The fish that died had been showing signs of ick for about a week and a half but were eating fine. Any ideas? Did I maybe have an ammonia spike?

csauer52
12/24/2012, 08:35 PM
The ammonia you're seeing now is more than likely symptomatic of the dead fish. How long were they dead in the tank?

As for the ich, more than likely stress related. I have to be honest, your water temp is likely too cold for a powder tang. They prefer water temps closer to 80*, 74* is much lower than they would be accustomed to in the Indian Ocean. Probably related to the cold temp more than anything else.

Full disclosure, I'm no expert. Just basing my opinion on the powder blue I've had for 2 years. He showed signs of stress at the same temp and when I raised the temp, all was well....
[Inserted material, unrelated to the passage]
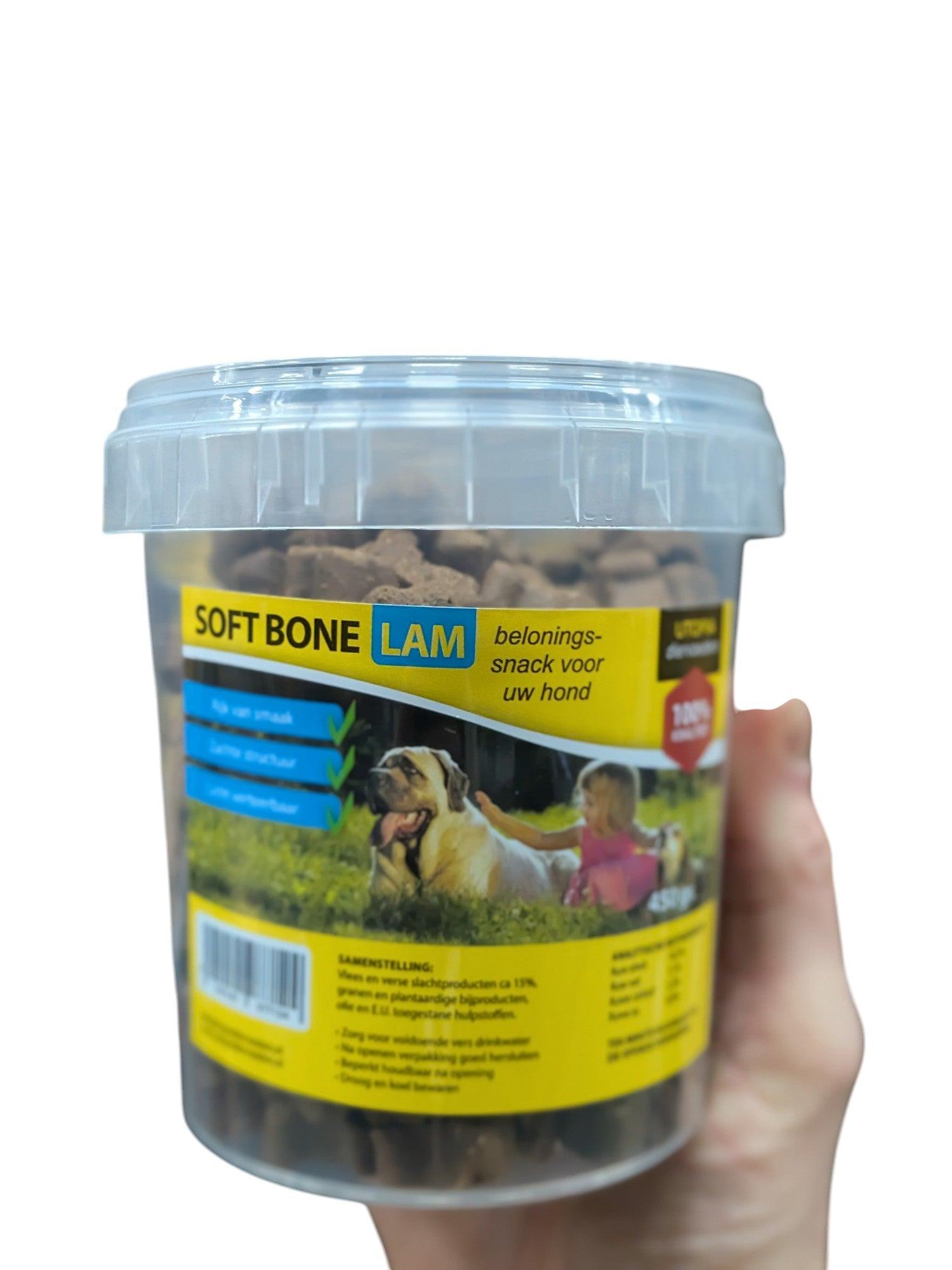 De Utopia Soft Bones Lam zijn aanvullend diervoeder voor de hond, heerlijk, zachte snacks van compact formaat met lam, perfect voor tijdens de training.

Now my tank never strays from 80 within a half degree either way.

MrTuskfish
12/25/2012, 01:29 PM
Next time, just leave them. no fish is going to be hurt going without food for 3 days. Top-off can be a bigger worry, an ATO eliminates that.

emilypres
12/27/2012, 07:04 AM
It's funny u mention top off because my external pump was sucking air but I don't see how that could have killed them. The spike was due to the over feeding I think. They had probably only been dead about a day. One side note, I added a bag of phoszorb last night and this morning my parameters are ammonia-0, nitrates-0, nitrite-0, phosphate-.20 (these had jumped to 1 ppm last night). The phosphate spike prompted me to purchase the phoszorb bag.